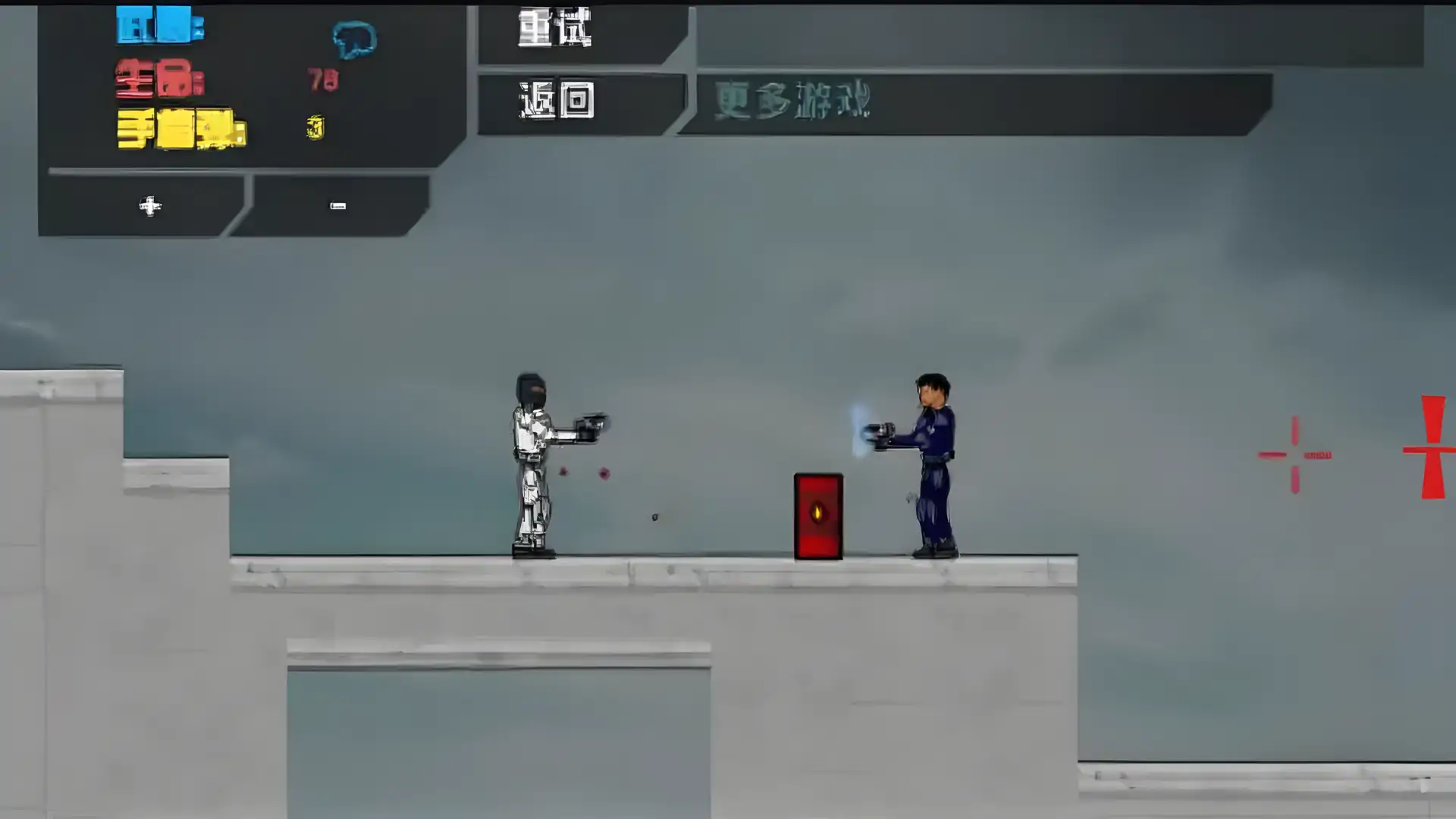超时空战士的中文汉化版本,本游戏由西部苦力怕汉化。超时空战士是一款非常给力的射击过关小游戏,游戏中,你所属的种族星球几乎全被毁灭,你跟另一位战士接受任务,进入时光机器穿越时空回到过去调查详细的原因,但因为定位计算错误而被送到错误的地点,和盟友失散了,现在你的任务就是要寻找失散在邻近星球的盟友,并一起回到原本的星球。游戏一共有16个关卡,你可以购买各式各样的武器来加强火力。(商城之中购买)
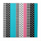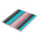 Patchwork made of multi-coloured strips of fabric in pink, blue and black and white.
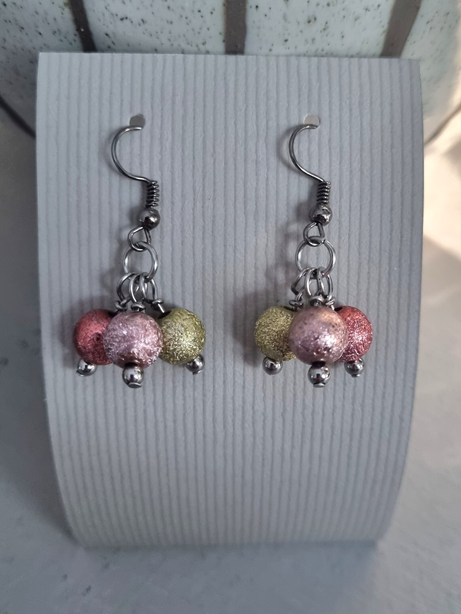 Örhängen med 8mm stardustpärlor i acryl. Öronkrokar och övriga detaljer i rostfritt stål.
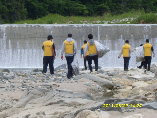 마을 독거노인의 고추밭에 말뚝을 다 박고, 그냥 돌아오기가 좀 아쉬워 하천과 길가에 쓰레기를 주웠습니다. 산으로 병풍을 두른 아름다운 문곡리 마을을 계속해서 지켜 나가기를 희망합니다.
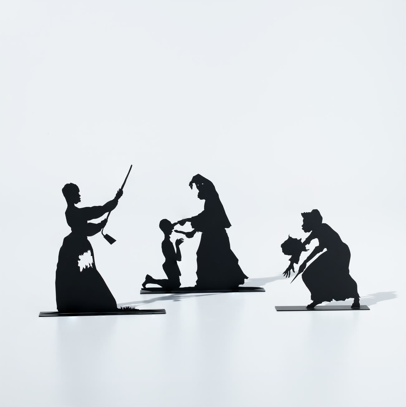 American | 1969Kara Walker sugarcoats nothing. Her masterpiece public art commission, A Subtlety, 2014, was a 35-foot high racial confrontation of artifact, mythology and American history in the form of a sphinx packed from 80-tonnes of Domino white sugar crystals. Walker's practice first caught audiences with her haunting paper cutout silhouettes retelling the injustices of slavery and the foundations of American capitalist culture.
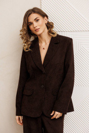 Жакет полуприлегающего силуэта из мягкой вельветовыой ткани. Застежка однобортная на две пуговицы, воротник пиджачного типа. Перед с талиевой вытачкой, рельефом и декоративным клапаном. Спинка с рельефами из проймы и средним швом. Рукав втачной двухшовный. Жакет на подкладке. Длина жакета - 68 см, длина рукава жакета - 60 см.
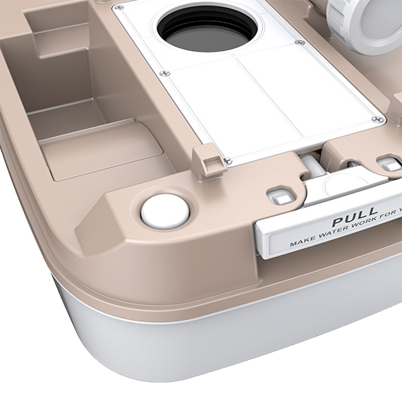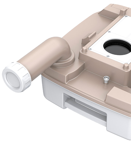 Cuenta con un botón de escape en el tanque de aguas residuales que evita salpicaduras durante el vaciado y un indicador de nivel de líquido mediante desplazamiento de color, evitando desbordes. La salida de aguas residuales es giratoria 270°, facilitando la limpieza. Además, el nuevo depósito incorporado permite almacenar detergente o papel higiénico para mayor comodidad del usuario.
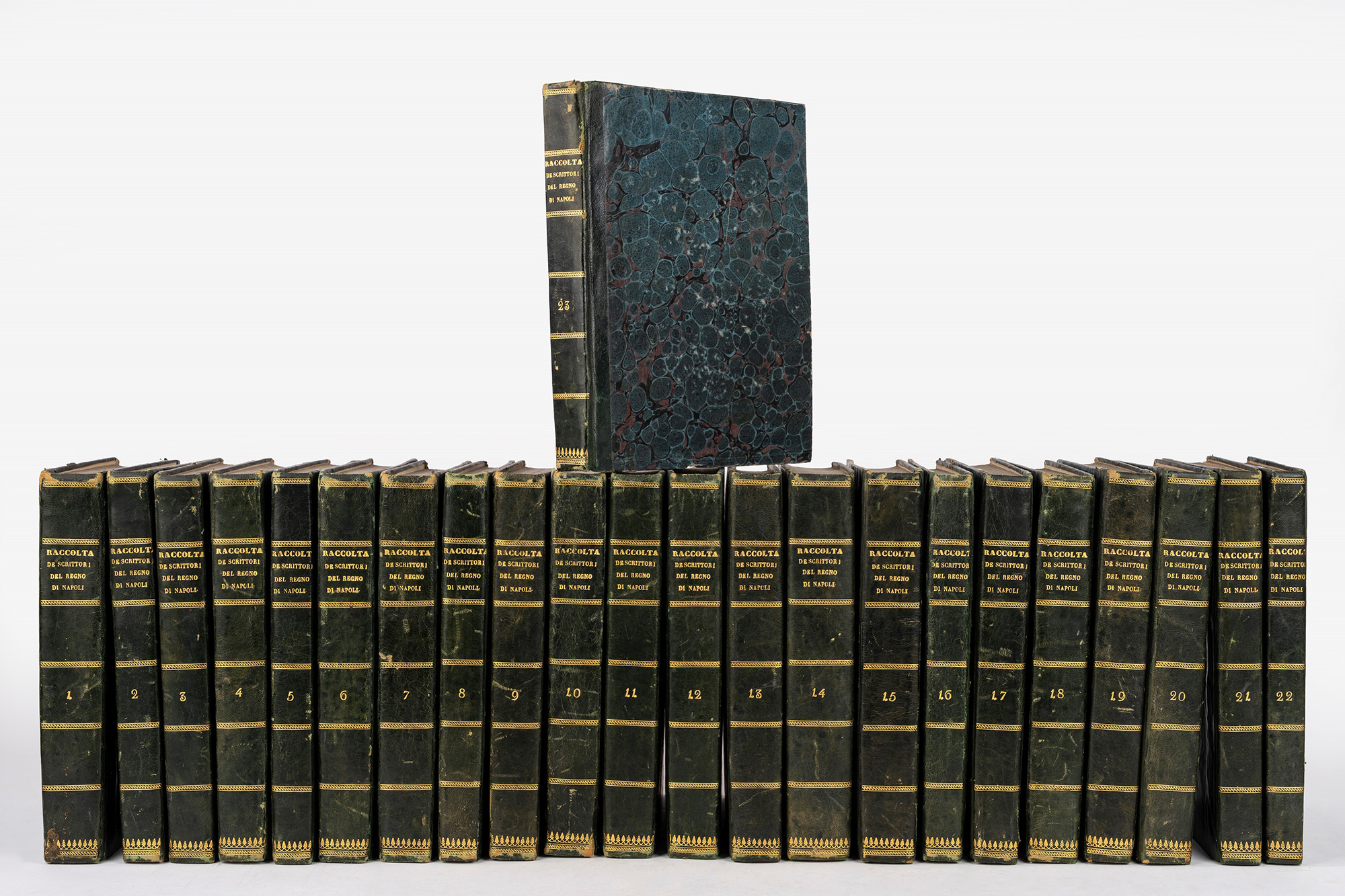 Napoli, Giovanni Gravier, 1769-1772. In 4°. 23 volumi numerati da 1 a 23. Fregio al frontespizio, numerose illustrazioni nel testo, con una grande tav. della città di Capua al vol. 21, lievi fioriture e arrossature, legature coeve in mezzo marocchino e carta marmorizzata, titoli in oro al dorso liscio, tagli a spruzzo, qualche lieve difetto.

---+---

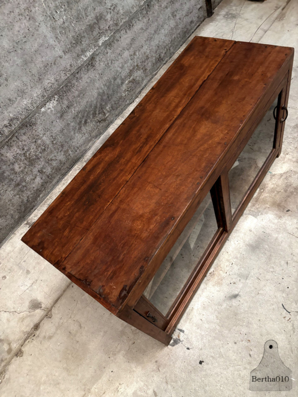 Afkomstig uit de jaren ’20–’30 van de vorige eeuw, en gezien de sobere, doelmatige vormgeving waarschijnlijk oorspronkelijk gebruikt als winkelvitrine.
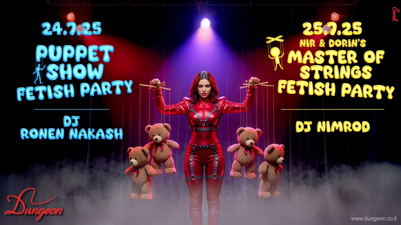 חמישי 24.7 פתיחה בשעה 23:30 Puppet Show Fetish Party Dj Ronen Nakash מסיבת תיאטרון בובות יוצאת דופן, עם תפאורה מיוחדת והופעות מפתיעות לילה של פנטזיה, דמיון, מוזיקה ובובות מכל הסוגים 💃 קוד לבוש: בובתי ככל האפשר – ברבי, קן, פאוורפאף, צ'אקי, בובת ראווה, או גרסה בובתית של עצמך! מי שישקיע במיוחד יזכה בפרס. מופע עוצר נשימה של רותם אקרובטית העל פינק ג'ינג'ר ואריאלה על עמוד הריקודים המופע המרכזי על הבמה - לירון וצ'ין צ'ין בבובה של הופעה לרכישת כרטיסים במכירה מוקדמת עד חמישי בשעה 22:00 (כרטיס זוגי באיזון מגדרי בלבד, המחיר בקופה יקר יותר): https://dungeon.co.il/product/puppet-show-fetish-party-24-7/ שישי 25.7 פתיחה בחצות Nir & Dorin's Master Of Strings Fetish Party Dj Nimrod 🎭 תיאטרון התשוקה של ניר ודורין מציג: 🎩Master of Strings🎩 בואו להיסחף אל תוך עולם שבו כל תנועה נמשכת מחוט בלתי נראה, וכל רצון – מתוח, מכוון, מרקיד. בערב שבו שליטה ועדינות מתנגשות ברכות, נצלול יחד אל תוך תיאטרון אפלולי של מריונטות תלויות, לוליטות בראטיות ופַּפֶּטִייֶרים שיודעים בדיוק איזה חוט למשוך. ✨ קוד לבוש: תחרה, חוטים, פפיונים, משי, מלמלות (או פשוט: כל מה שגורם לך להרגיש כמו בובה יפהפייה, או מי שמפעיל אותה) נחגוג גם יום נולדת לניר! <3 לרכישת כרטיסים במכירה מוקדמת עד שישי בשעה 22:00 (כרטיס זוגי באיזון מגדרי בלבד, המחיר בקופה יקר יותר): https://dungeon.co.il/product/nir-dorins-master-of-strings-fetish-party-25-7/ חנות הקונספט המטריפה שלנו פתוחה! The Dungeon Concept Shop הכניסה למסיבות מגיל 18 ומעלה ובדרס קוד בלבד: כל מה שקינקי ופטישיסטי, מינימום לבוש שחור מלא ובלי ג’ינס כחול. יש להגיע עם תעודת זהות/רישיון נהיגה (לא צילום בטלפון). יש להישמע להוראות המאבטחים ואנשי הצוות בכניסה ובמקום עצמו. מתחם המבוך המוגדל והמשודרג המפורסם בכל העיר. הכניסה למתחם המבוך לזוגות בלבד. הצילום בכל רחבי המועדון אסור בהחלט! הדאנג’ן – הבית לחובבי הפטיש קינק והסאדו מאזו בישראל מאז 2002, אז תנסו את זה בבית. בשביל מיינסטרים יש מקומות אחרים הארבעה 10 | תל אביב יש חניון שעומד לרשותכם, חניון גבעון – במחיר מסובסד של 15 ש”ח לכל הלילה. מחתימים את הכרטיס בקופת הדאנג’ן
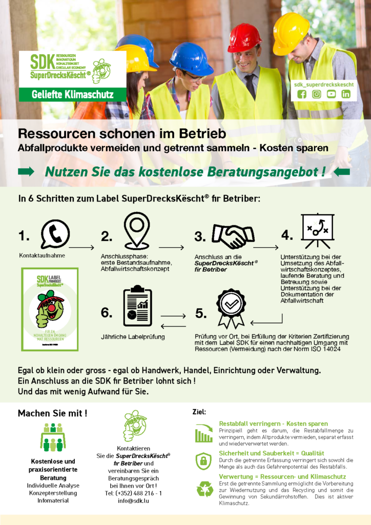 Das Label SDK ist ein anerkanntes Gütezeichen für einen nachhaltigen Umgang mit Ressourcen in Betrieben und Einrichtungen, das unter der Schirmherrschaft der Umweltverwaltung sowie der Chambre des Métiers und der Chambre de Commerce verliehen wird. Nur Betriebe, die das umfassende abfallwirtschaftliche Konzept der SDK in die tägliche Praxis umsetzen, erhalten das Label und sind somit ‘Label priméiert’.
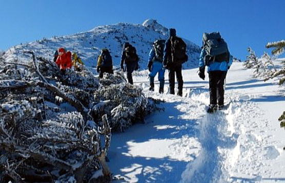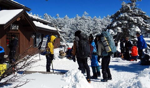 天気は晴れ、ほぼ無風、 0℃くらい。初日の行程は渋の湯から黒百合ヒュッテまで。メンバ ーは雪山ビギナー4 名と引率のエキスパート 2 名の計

---+---

■ Exercise goal ■
Transcribe the lines above exactly, beginning at the one with "American | 1969Kara" and ending at the one with "Cuenta con un". Include both; exclude the pictures.

■ Reply to the task ■
 American | 1969Kara Walker sugarcoats nothing. Her masterpiece public art commission, A Subtlety, 2014, was a 35-foot high racial confrontation of artifact, mythology and American history in the form of a sphinx packed from 80-tonnes of Domino white sugar crystals. Walker's practice first caught audiences with her haunting paper cutout silhouettes retelling the injustices of slavery and the foundations of American capitalist culture.
 Жакет полуприлегающего силуэта из мягкой вельветовыой ткани. Застежка однобортная на две пуговицы, воротник пиджачного типа. Перед с талиевой вытачкой, рельефом и декоративным клапаном. Спинка с рельефами из проймы и средним швом. Рукав втачной двухшовный. Жакет на подкладке. Длина жакета - 68 см, длина рукава жакета - 60 см.
 Cuenta con un botón de escape en el tanque de aguas residuales que evita salpicaduras durante el vaciado y un indicador de nivel de líquido mediante desplazamiento de color, evitando desbordes. La salida de aguas residuales es giratoria 270°, facilitando la limpieza. Además, el nuevo depósito incorporado permite almacenar detergente o papel higiénico para mayor comodidad del usuario.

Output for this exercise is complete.